— Task statement —
Wherever a picture appears, skip it and retype the rest of the data exactly.

[Exercise inputs — start]

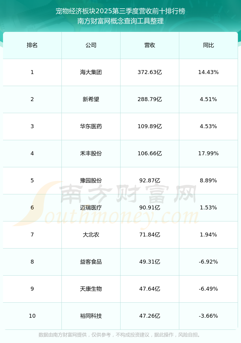 按照南方財(cái)富網(wǎng)概念查詢工具統(tǒng)計(jì),該股所屬板塊為寵物經(jīng)濟(jì)板塊,該板塊共有118只股票,中牧股份2025第三季度營(yíng)收在該板塊中排名為第25名,該板塊2025第三季度營(yíng)收排名前十的股票如下表:
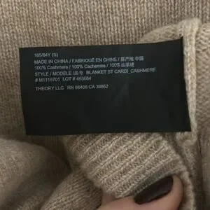 Tan Theory 100% cashmere cardigan. V-neck with braid detail, brown buttons, cropped length. Good condition - never worn. Theory size Small fits a US 2-4 per their website size chart.
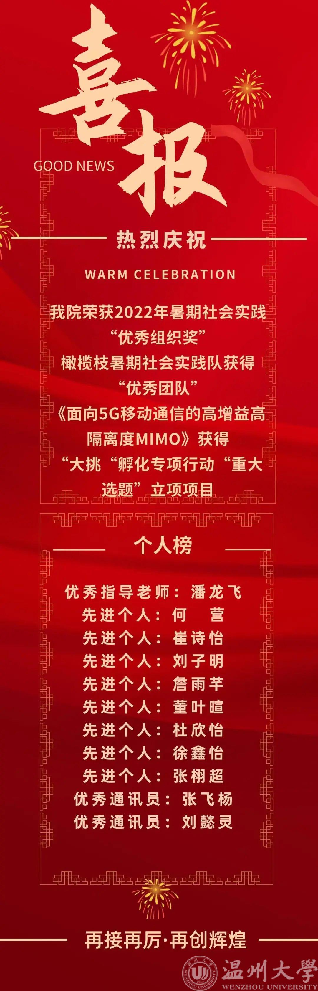 为贯彻落实习近平总书记关于青年工作的重要思想,持续深入推进“双百双进”活动,积极助力我省“高质量发展建设共同富裕示范区”,以优异表现庆祝中国共青团成立100周年,促进全面育人。博彩平台 暑假开展了以“喜迎二十大、永远跟党走、奋进新征程”为主题的实践活动,此次活动博彩平台 荣获佳绩,硕果累累。
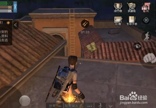 大师都知道弹药箱是可以踩上去的,我们用它做垫脚物,冲刺就可以跳到边上的屋顶
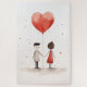 Illustration minimaliste et réconfortante d'un couple tenant la main, relié par un ballon rouge en forme de coeur qui flotte au-dessus d'eux. Le design simple, la texture aquarelle et les éclaboussures douces de couleur sur un arrière - plan blanc donnent une impression douce et rêveuse à l'oeuvre, symbolisant l'amour et la convivialité d'une manière pure et innocente.
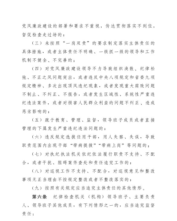 湖南省党风廉政建设主体责任和监督责任追究办法

[Exercise inputs — finish]

— The answer —
 按照南方財(cái)富網(wǎng)概念查詢工具統(tǒng)計(jì),該股所屬板塊為寵物經(jīng)濟(jì)板塊,該板塊共有118只股票,中牧股份2025第三季度營(yíng)收在該板塊中排名為第25名,該板塊2025第三季度營(yíng)收排名前十的股票如下表:
 Tan Theory 100% cashmere cardigan. V-neck with braid detail, brown buttons, cropped length. Good condition - never worn. Theory size Small fits a US 2-4 per their website size chart.
 为贯彻落实习近平总书记关于青年工作的重要思想,持续深入推进“双百双进”活动,积极助力我省“高质量发展建设共同富裕示范区”,以优异表现庆祝中国共青团成立100周年,促进全面育人。博彩平台 暑假开展了以“喜迎二十大、永远跟党走、奋进新征程”为主题的实践活动,此次活动博彩平台 荣获佳绩,硕果累累。
 大师都知道弹药箱是可以踩上去的,我们用它做垫脚物,冲刺就可以跳到边上的屋顶
 Illustration minimaliste et réconfortante d'un couple tenant la main, relié par un ballon rouge en forme de coeur qui flotte au-dessus d'eux. Le design simple, la texture aquarelle et les éclaboussures douces de couleur sur un arrière - plan blanc donnent une impression douce et rêveuse à l'oeuvre, symbolisant l'amour et la convivialité d'une manière pure et innocente.
 湖南省党风廉政建设主体责任和监督责任追究办法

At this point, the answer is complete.